Mas, em 1975, os quilombolas resolveram buscar o direito ao seu território devido aos constantes conflitos que vinham enfrentando contra grileiros: representantes foram ao Idago (Instituto de Desenvolvimento Agrário de Goiás), então presidido pelo advogado e professor de Direito Agrário Aldo Azevedo Soares, para solicitar a titulação de posse coletiva. Segundo a Associação Quilombo Kalunga (AQK), a grilagem das terras dos quilombolas começou em 1940, mas ganhou força a partir da fundação de Brasília em 1960. A proximidade da região com a capital do Brasil atraiu pessoas em busca de terras, que encontraram, naquela região bela e isolada ao norte de Goiás, condições propícias para fraudar documentos, negociar áreas em reservas naturais e se apropriar indevidamente dos territórios de quilombolas e indígenas.

A antropóloga Mari Baiochi em visita ao Kalunga no começo dos anos 1980: trabalho decisivo para reconhecimento do território quilombola (Foto: Reprodução / Asssociação Quilombola Kalunga)
A antropóloga Mari Baiochi em visita ao Kalunga no começo dos anos 1980: trabalho decisivo para reconhecimento do território quilombola (Foto: Reprodução / Asssociação Quilombola Kalunga)

Somente com o trabalho de pesquisa de doutorado em antropologia de Mari de Nasaré Baiocchi pela Universidade Federal de Goiás, o processo avançou para o reconhecimento do território quilombola Kalunga, que ganhou demarcação e mapeamento, No início dos anos 1980, neste período Mari Baiocchi estabeleceu contato com os quilombolas Kalunga, visitou a região, percorrendo as serras e vãos da Chapada dos Veadeiros.
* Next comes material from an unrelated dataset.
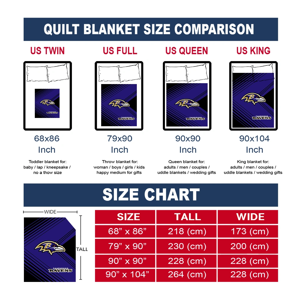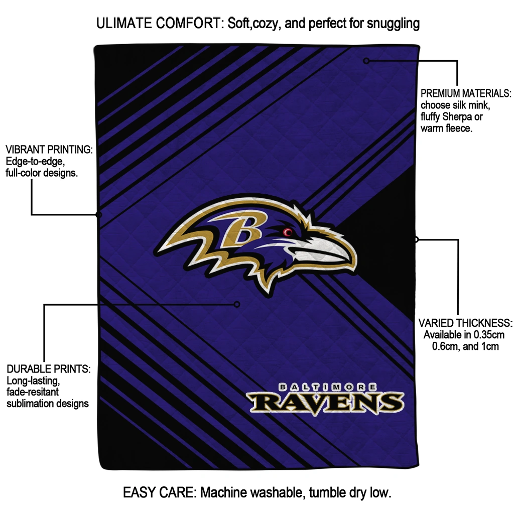 Wrap yourself in warmth and pride with the Baltimore Ravens Arrow Layers Purple Quilt Blanket from the Baltimore Ravens Blankets collection at Yes That Blanket. Made from 100% premium quilting-weight polyester blended with a touch of microfiber, this quilt offers a smooth, soft finish you’ll love. Choose between two quilting styles—Stipple or Diagonal—and enjoy the comfort of a cotton-filled layer inside that adds extra coziness for every season. The border is available in classic black or white, giving your design a clean, timeless edge.

As pesquisas de campo, lideradas pela antropóloga, contribuíram para remontar toda história dos negros em Goiás, e foram responsáveis pela inclusão oficial dos Kalunga na sociedade, adquirindo direitos de cidadania e visibilidade perante aos órgãos oficiais – as primeiras titulações, realizadas em 2005, tiveram como base o mapeamento feito na década de 1980. Mari Baiocchi reuniu no livro Kalunga Povo da Terra – publicado pela UFG em 1999 – material riquíssimo em informações e imagens retratando vida, cultura, festividades, religião e outros dados e detalhes sobre os quilombolas da região e sua história desde o século XVIII.

A historiadora e pesquisadora Alciléia Torres, quilombola Kalunga da comunidade de Vão de Almas e estudante de jornalismo, vem resgatando memórias dos anciãos de seu território para o podcast Nossa Vida Quilombola – iniciativa da Embaixada dos EUA em Brasília, que reúne 15 comunicadores de quilombos de todo o Brasil. Alciléia busca registrar e documentar essas informações que vêm sendo passadas oralmente de geração em geração, no intuito de preservar as tradições ancestrais agora usando a tecnologia e facilitando o acesso para os atuais e futuros membros das comunidades Kalunga.

Comunidade Engenho II no Quilombo Kalunga: na época da demarcação do sítio histórico, muitos quilombolas evitaram identificação por temerem preconceito (Foto: Joédson Alves / Agência Brasil - 12/09/2023)
Comunidade Engenho II no Quilombo Kalunga: na época da demarcação do sítio histórico, muitos quilombolas evitaram identificação por temerem preconceito (Foto: Joédson Alves / Agência Brasil – 12/09/2023)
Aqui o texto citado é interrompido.